LA corrupción política está ausente del debate electoral de las últimas
semanas, salvo en el caso de Murcia. Pero la excepción que supone esta
comunidad autónoma no se debe a la iniciativa de las principales fuerzas
políticas, sino a las actuaciones de la Justicia, de ahí que resulte
sorprendente que los partidos no dediquen excesiva atención a un
problema muy real en nuestro país. Si atendemos a los indicadores de
opinión pública sobre la percepción de la corrupción, los ciudadanos
comparten una extendida desconfianza hacia la honestidad de su clase
política: baste como dato que el 52% de los encuestados por el CIS en
enero de 2007 consideraba que «bastantes» o «casi todos» los políticos
están implicados en estas prácticas. Si tenemos en cuenta, además, los
numerosos escándalos que se han ido sucediendo a lo largo del período
democrático, o las evaluaciones efectuadas por algunos organismos
internacionales como el Grupo de Estados Contra la Corrupción del
Consejo de Europa, es evidente que tenemos un problema importante
aunque, al compararnos con otros países, no resulte dramático.
Pero que ocupemos el lugar 25º entre 179 países en el último Índice de
la Percepción de la Corrupción de Transparencia Internacional no debería
llevarnos a sentirnos satisfechos con el funcionamiento de nuestros
mecanismos de control y deberíamos exigir a nuestros representantes
políticos -y no sólo a ellos- una estrategia mucho más decidida de lucha
contra esta lacra. Utilizo intencionadamente esta palabra por los
significados literales que le atribuye el diccionario: secuela o señal
de una enfermedad o achaque; vicio físico o moral que marca a quien lo
tiene. Estos dos sentidos se aplican perfectamente a la corrupción
política por los efectos devastadores que tiene sobre la salud del
sistema democrático cuando no se le pone coto a tiempo. Porque implica
siempre que el poder de una autoridad determinada se pone al servicio de
intereses particulares espurios en lugar de servir al interés general.
Esto determina lo que la literatura especializada llama muy gráficamente
la «captura del Estado». Es decir, la existencia de corrupción asegura
cauces privilegiados de acceso al poder público (y a los recursos por él
generados) para unos pocos intereses particulares.

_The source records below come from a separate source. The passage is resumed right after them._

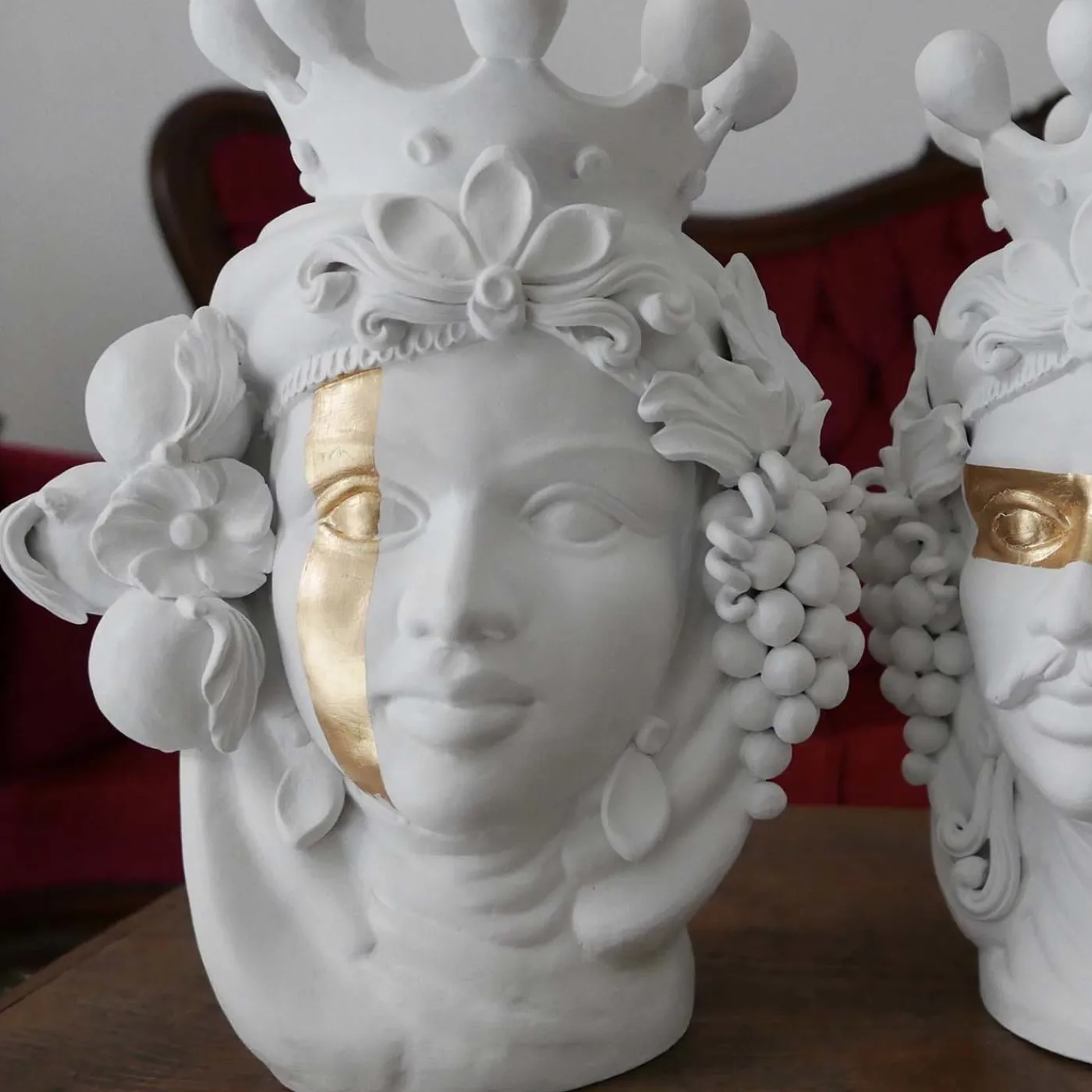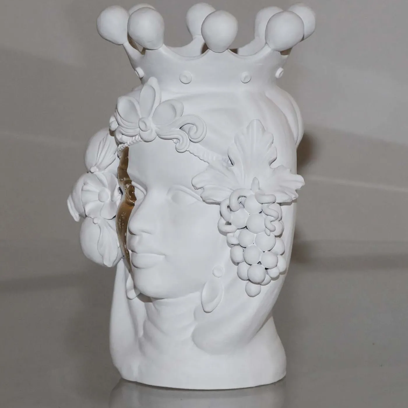 Questo vaso a forma di testa, realizzato a mano, si distingue per l’uso sapiente di dettagli scultorei e colori semplici, che aggiungono un tocco drammatico all’arredamento di cucina, soggiorno o ingresso. Questa scultura di donna vanta un’impeccabile carnagione bianca incorniciata da un morbido grappolo d’uva, ciocche di capelli fiorite e una corona regale. Il soggetto, tratto da una leggenda siciliana risalente alla conquista musulmana, è rivisitato con un tocco moderno e realizzato in terracotta con uno smalto bianco opaco, accentuato dall’audace striscia in foglia d’oro che corre verticalmente lungo il viso, enfatizzando la bellezza dello sguardo. Il vaso non può essere riempito d’acqua.
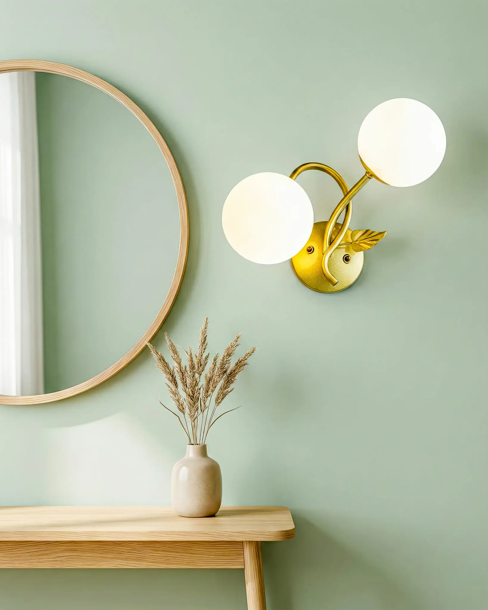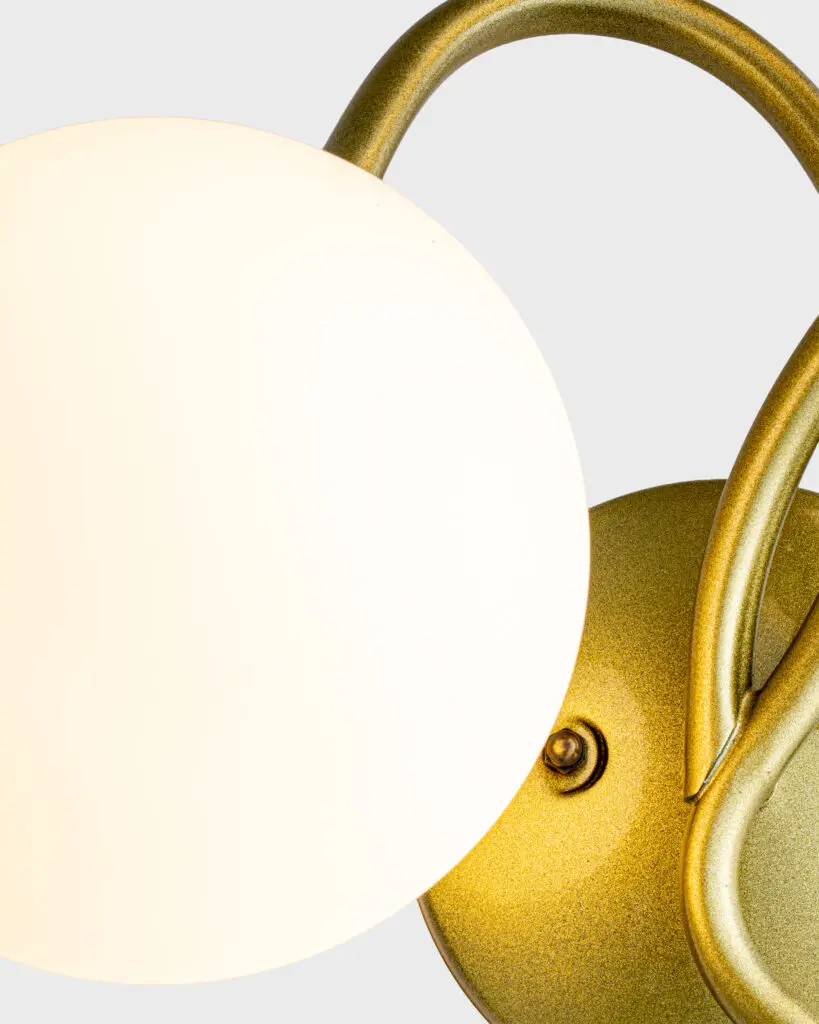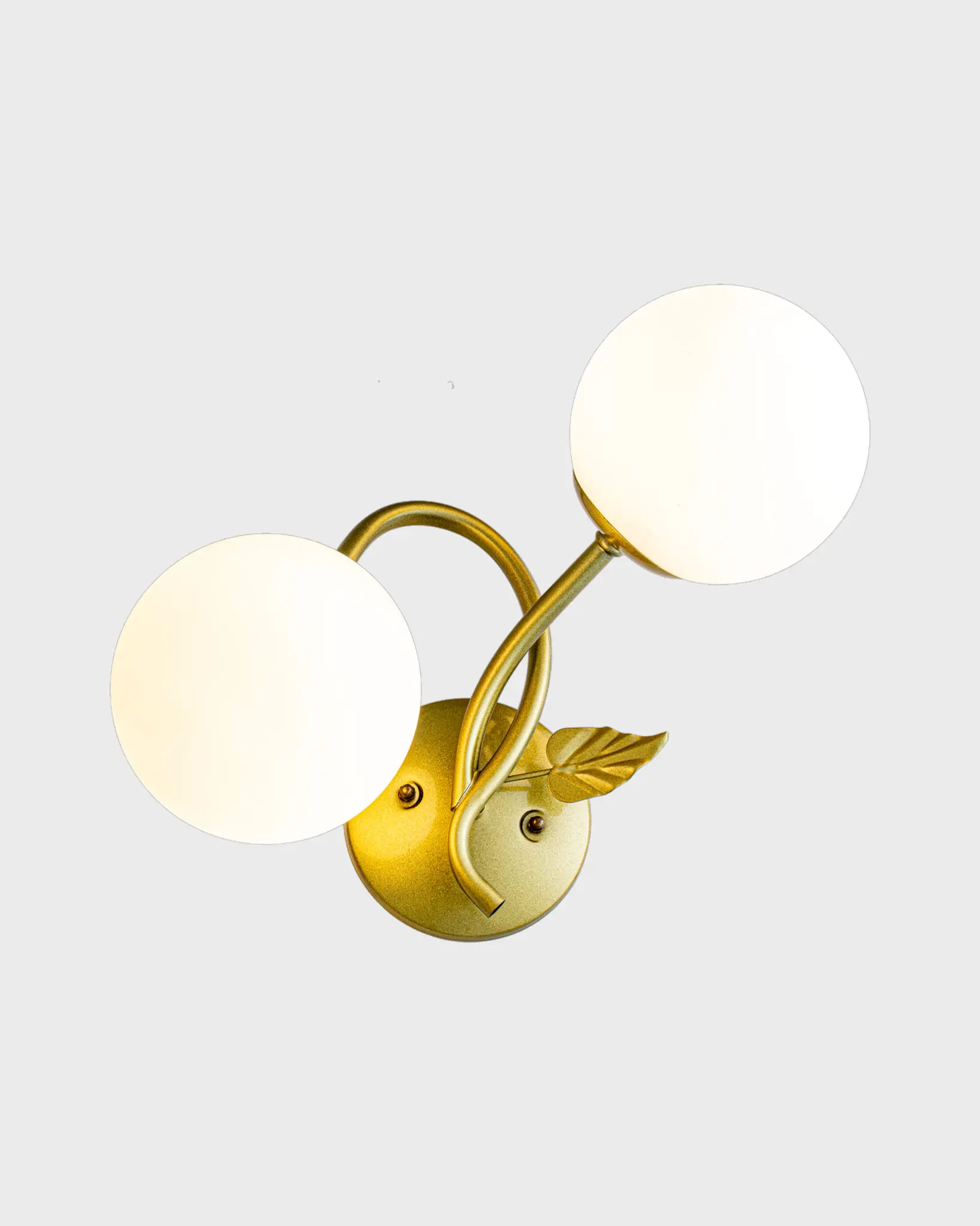 Thiết kế của Đèn Tường Đồng Cổ Điển với hai bóng tròn trắng mang đến cảm giác nhẹ nhàng và tươi mới. Vẻ ngoài tinh tế của chiếc đèn không chỉ là một phụ kiện, mà còn là điểm nhấn không thể thiếu cho bất kỳ không gian nào. Kiểu dáng sạch sẽ, thanh thoát, mái vòm nhẹ nhàng như chăm sóc cho mỗi ánh sáng, giúp tạo ra một không gian sống ấm áp không khác gì trong những bức tranh cổ điển. Từng chi tiết của đèn ấy đều được chăm chút tỉ mỉ, từ độ dày của khung đèn tới những đường cong mềm mại, tuyệt đẹp. Khung đồng được uốn lượn tinh tế và các vòng tay nâng đỡ hai bóng tròn như một bản hòa tấu giữa chất liệu và ánh sáng. Điểm nhấn là những chiếc lá hoàn thiện bằng đồng, khiến cho sản phẩm thêm phần thanh lịch và gần gũi với thiên nhiên.
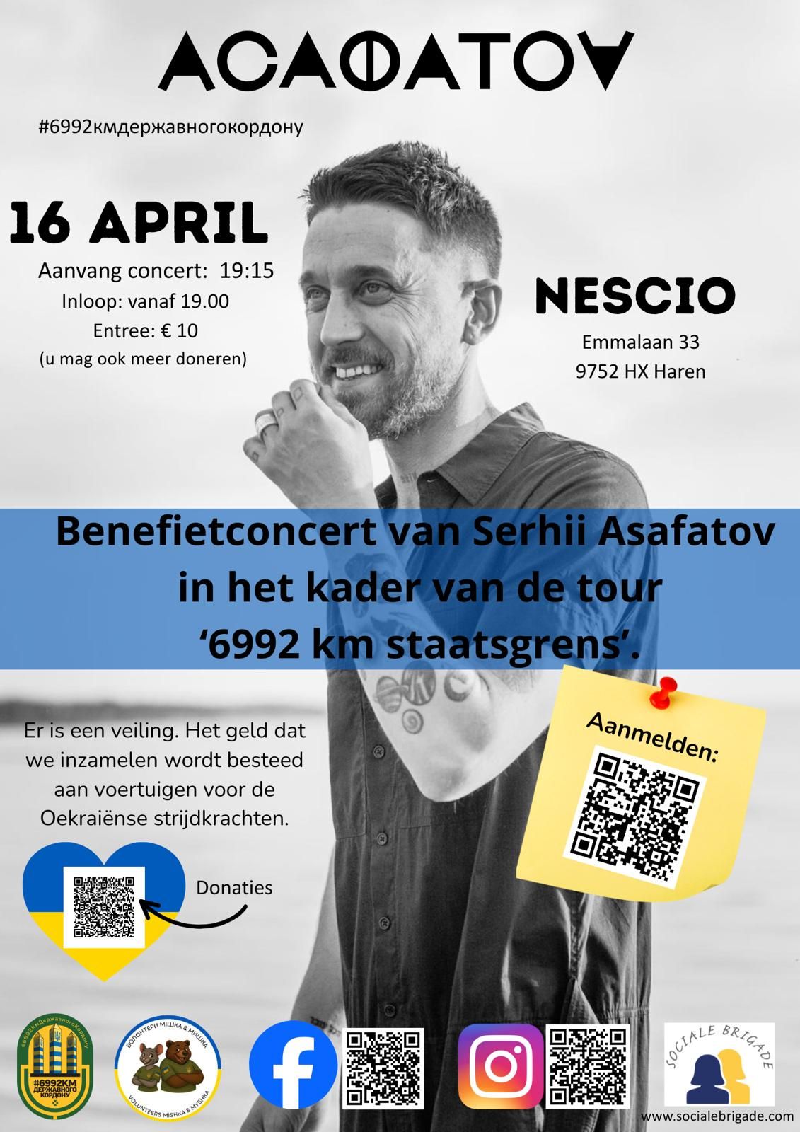 Op 16 april organiseert de Sociale Brigade in het Nescio hotel een benefietconcert van Serhii Asafatov, in het kader van zijn tour "6992 kilometer staatsgrens".

Cuando un sistema político tolera o no lucha con suficiente eficacia
contra estos brotes patológicos, las consecuencias suelen ser
demoledoras. Las redes de corrupción dan lugar a sistemas de intercambio
de recursos que suelen ser muy sólidos y que, si encuentran las
circunstancias adecuadas -una cultura política poco exigente y un
funcionamiento deficiente de las instituciones de control-, tienden a
extenderse cada vez más. El ejemplo del GIL y su rápida expansión por
toda la Costa del Sol ilustra muy bien este fenómeno. El resultado final
es la deslegitimación de las instituciones pues, no en vano, la
corrupción implica la violación de uno de los pilares fundamentales de
la democracia: el derecho de todos los ciudadanos a un trato igual de
los poderes públicos.
Es posible que algunos lectores de este artículo -por ejemplo, aquellos
más en sintonía con el PSOE-, consideren que estoy siendo injusto al dar
a entender que no se está actuando con suficiente contundencia frente a
este problema cuando hemos tenido una legislatura muy prolífica en
medidas contra la corrupción como el Código de Buen Gobierno (2005), la
ley de regulación de los conflictos de intereses de los altos cargos de
la Administración General del Estado (2005), la nueva ley orgánica de
financiación de los partidos (2007), la ley de contratos del sector
público (2007) o la ley de suelo (2007). Es cierto que se han dado pasos
importantes en una buena dirección, pero también que muchas de estas
iniciativas podían haber sido mucho más efectivas sin mucho esfuerzo y
con algo más de voluntad política. Otros lectores, como algún dirigente
del PP con el que hablaba hace unas semanas, podrán objetar que, en
realidad, y pese a la amplia percepción social de la corrupción, los
españoles no están verdaderamente preocupados por la corrupción. Habría
que reconocer de nuevo que hay mucho de verdad en esta apreciación. En
los últimos seis años el porcentaje más alto de encuestados que ha
señalado que éste era uno de los tres problemas principales del país no
ha sobrepasado nunca el 3%.
Esa escasa inquietud nos sitúa ante una demostrada capacidad de los
españoles para convivir con la corrupción como un mal menor, lo que
encaja con una acendrada tradición popular de escaso reproche e incluso
admiración hacia los comportamientos de la picaresca. Estas actitudes
constituyen un serio obstáculo para la lucha efectiva contra el problema
y para el estímulo de los agentes que deben llevarla a cabo, al generar
un clima de impunidad social que constituye un excelente caldo de
cultivo para estas prácticas delictivas.
Partidos políticos y medios de comunicación tienen una responsabilidad
especial en este terreno. La discusión pública sobre las prácticas
corruptas de las que se tiene noticia suele filtrarse habitualmente a
través de un prisma partidista que contribuye a fomentar las actitudes
cínicas entre la ciudadanía. Y esto sucede tanto cuando se actúa como
acusador (papel en el que los intereses electoralistas se anteponen al
objetivo de limpieza de la vida pública), como cuando se trata de
defender a los afectados por las imputaciones (donde la estrategia
predominante consiste en arropar a los acusados, al tiempo que se
denuncian los intereses de los acusadores). La conclusión a la que
conducen estos debates es a la de que «todos los políticos son iguales»,
no existiendo posibilidad real de tomarse la lucha contra la corrupción
en serio. Esta campaña electoral constituiría una excelente ocasión para
que los partidos políticos asumieran la responsabilidad que tienen en
esta tarea y nos obsequiaran con propuestas serias y con el necesario
liderazgo que exige una tarea tan importante como ésta si queremos un
sistema democrático eficiente.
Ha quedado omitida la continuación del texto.